DATA EXTRACT:
--
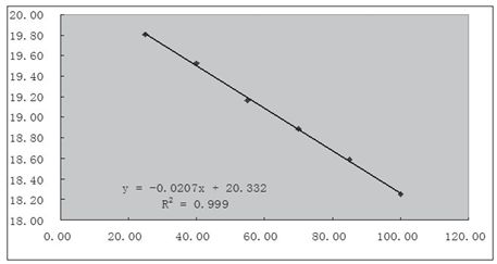 因測試時間較短,可以將測量時恒溫箱設置溫度近似等于LED光源的結溫。在600mA恒流的情況下,通過數學方法不難得出光源模塊正向電壓與結溫的關系。利用Excel工具,以溫度為X軸,平均值為Y軸,生成(X,Y)散點圖,選擇線性回歸分析類型則可生成如下趨勢圖和公式。
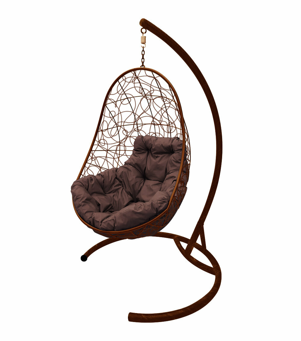 Подвесное кресло M-Group овал ротанг коричневое, коричневая подушка
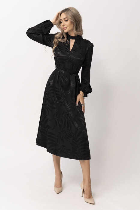 Платье полуприлегающего силуэта, расширенное к низу, c втачным воротником- стойкой, застегивающейся по левому плечу на петли и пуговицы. По переду со средним швом и нагрудными вытачками. По горловине переда- V-образный вырез. Спинка со средним швом. По боковым швам расположены разрезы. Рукав втачной, длинный, со сборкой по окату. По низу рукава- отрезная манжета, по шву притачивания манжеты- сборка. Платье со съемным поясом.
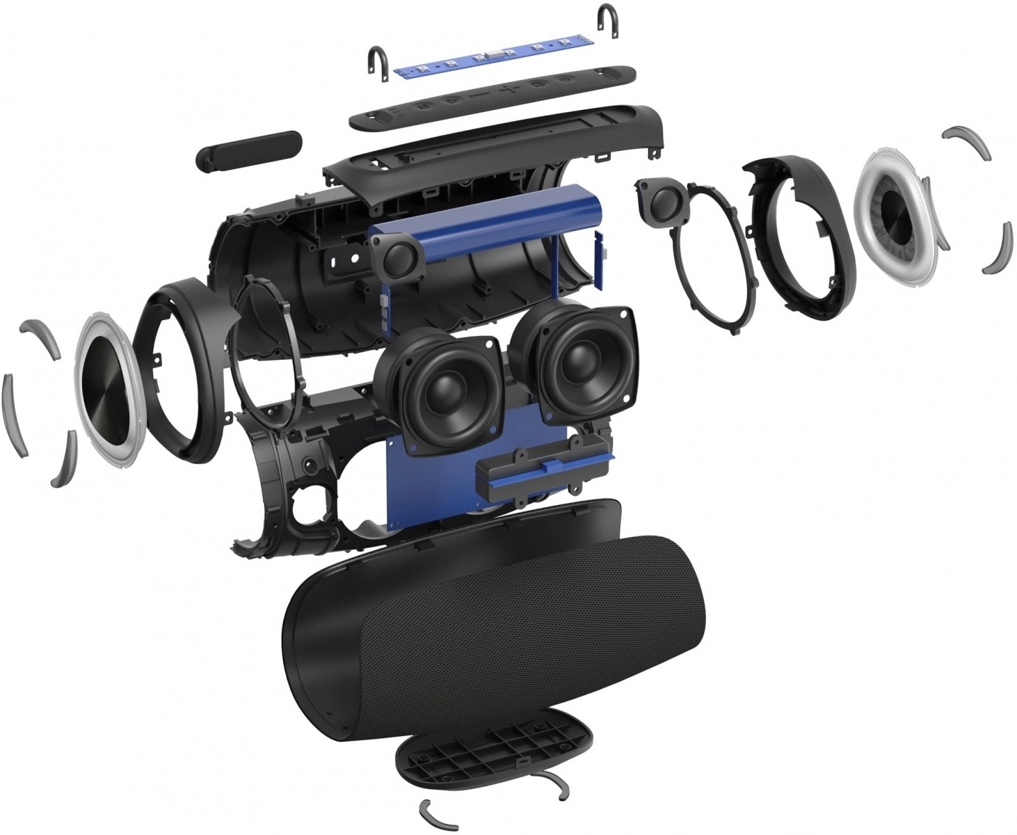 Met de IPX7-bescherming deinst hij niet terug voor regen of opspattend water aan de kust. De Broadcast/TWS-functie laat je meerdere luidsprekers van hetzelfde model koppelen voor een bredere soundstage bij feestjes en events.
--
YOUR TASK:
Give all of the material again, exactly, apart from the pictures.

RESPONSE AREA:
 因測試時間較短,可以將測量時恒溫箱設置溫度近似等于LED光源的結溫。在600mA恒流的情況下,通過數學方法不難得出光源模塊正向電壓與結溫的關系。利用Excel工具,以溫度為X軸,平均值為Y軸,生成(X,Y)散點圖,選擇線性回歸分析類型則可生成如下趨勢圖和公式。
 Подвесное кресло M-Group овал ротанг коричневое, коричневая подушка
 Платье полуприлегающего силуэта, расширенное к низу, c втачным воротником- стойкой, застегивающейся по левому плечу на петли и пуговицы. По переду со средним швом и нагрудными вытачками. По горловине переда- V-образный вырез. Спинка со средним швом. По боковым швам расположены разрезы. Рукав втачной, длинный, со сборкой по окату. По низу рукава- отрезная манжета, по шву притачивания манжеты- сборка. Платье со съемным поясом.
 Met de IPX7-bescherming deinst hij niet terug voor regen of opspattend water aan de kust. De Broadcast/TWS-functie laat je meerdere luidsprekers van hetzelfde model koppelen voor een bredere soundstage bij feestjes en events.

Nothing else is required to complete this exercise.